Otras predicciones han tenido como fundamento el estudio de las dimensiones de las pirámides egipcias. También han surgido teorías relacionadas con el espacio exterior, una de las cuales señala que, después del gran cataclismo, extraterrestres más avanzados, espiritual y tecnológicamente, vendrían a educar a los seres humanos sobrevivientes para crear un mudo de paz y armonía.
¿Qué puede haber de cierto en todas estas predicciones apocalípticas? Ciertamente, lo que puede decidir el destino de la especie humana e incluso de todo el planeta Tierra, no son consideraciones esotéricas basadas en libros sagrados o en leyendas de antiguas civilizaciones, ni tampoco hipotéticas invasiones de extraterrestres.
Lo que puede llevar y está llevando a una catástrofe de dimensiones apocalípticas es el sistema económico y social imperante, responsable de la contaminación de la atmósfera, de las aguas y de la tierra; que genera y es incapaz de resolver los problemas globales contemporáneos, como la desertificación, la extinción de miles de especies de la flora y de la fauna, la creciente escasez de agua potable, la falta de alimentos y la miseria y las enfermedades que afectan a una parte considerable de la población mundial.
Los mayores peligros para la supervivencia de la especie humana no son otros que la geopolítica imperial, la avaricia de las corporaciones, el poder sin límites del complejo militar-industrial, y la existencia de armas nucleares y otras armas de destrucción masiva.

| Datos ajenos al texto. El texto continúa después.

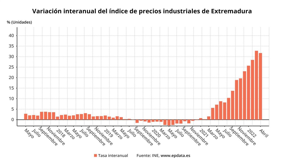El Índice General de Precios Industriales (IPRI) experimenta una tasa de variación anual en Extremadura del 31,7 por ciento, mientras que en comparación con el mes anterior se incrementaron un 1,7 por ciento, según ha informado este miércoles el Instituto Nacional de Estadística (INE).

En un proceso que comenzó con el lanzamiento criminal de bombas atómicas sobre Hiroshima y Nagasaki, el final del mundo en que vivimos no se relaciona ya con interpretaciones trasnochadas de la Biblia ni con cábalas o supersticiones sin base alguna racional, sino con la amenaza, completamente real y tangible, de las aventuras guerreristas en el Medio Oriente y otras regiones que pueden dar lugar fácilmente a una tercera guerra mundial. Una invasión a Irán, por ejemplo, podría iniciar el conteo regresivo hacia el gran final, y usted o yo, sin ser profetas, podríamos entonces señalar la nueva y última fecha del Apocalipsis.